> **THE DATA**
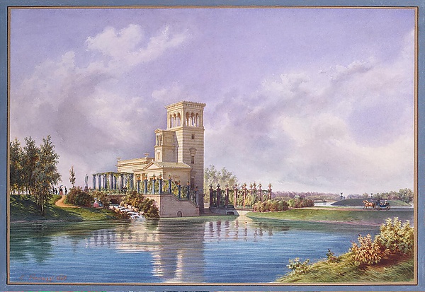 Формирование парка связано с постройкой основных архитектурных сооружений и устройством прудов и охватывает 1825—1857 гг. Все работы по формированию парка велись под руководством А. И. Штакеншнейдера, инженера М. И. Пилсудского и садовых мастеров П. И. Эрлера и П. Г. Архипова. Самой первой постройкой в парке был деревянный Никольский сельский домик (1835 г.)[1], за который А. И. Штакеншнейдер получил звание академика архитектуры. По его проектам были также сооружены павильон «Озерки», Бельведер, Мельница, «Руина» и церковь святой Александры, множество мостов, караулок, плотин, шлюзов, устроены пруды[2].
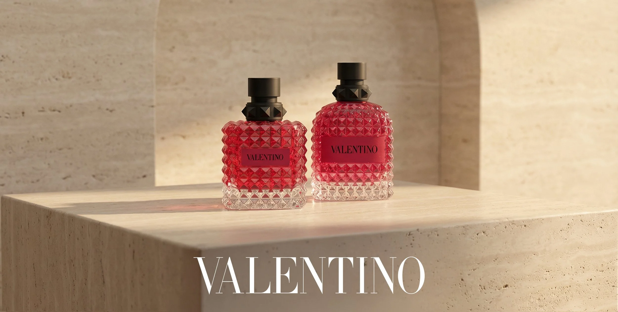 Valentino Parfums a souhaité retravailler deux packshots de la ligne Born in Roma : Born in Roma Donna et Born in Roma Uomo.
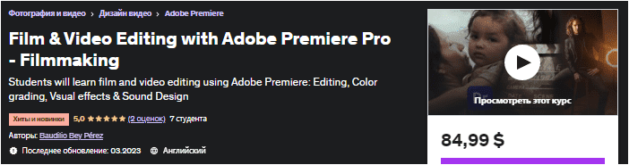 В этом курсе по редактированию фильмов и видео учащиеся научатся использовать Adobe Premiere, освоив основные основы, которые должен иметь каждый монтажер для работы над кинопроектом. Курс предназначен для того, чтобы вооружить студентов навыками использования не только Adobe Premiere, но и любого программного обеспечения для редактирования видео в будущем.

> **INSTRUCTIONS TO FOLLOW**
Once you have returned the line containing "Valentino Parfums a", stop; begin at the first line of the material, keep each line exact, and skip the pictures.

> **SOLUTION FOR THIS PROBLEM**
 Формирование парка связано с постройкой основных архитектурных сооружений и устройством прудов и охватывает 1825—1857 гг. Все работы по формированию парка велись под руководством А. И. Штакеншнейдера, инженера М. И. Пилсудского и садовых мастеров П. И. Эрлера и П. Г. Архипова. Самой первой постройкой в парке был деревянный Никольский сельский домик (1835 г.)[1], за который А. И. Штакеншнейдер получил звание академика архитектуры. По его проектам были также сооружены павильон «Озерки», Бельведер, Мельница, «Руина» и церковь святой Александры, множество мостов, караулок, плотин, шлюзов, устроены пруды[2].
 Valentino Parfums a souhaité retravailler deux packshots de la ligne Born in Roma : Born in Roma Donna et Born in Roma Uomo.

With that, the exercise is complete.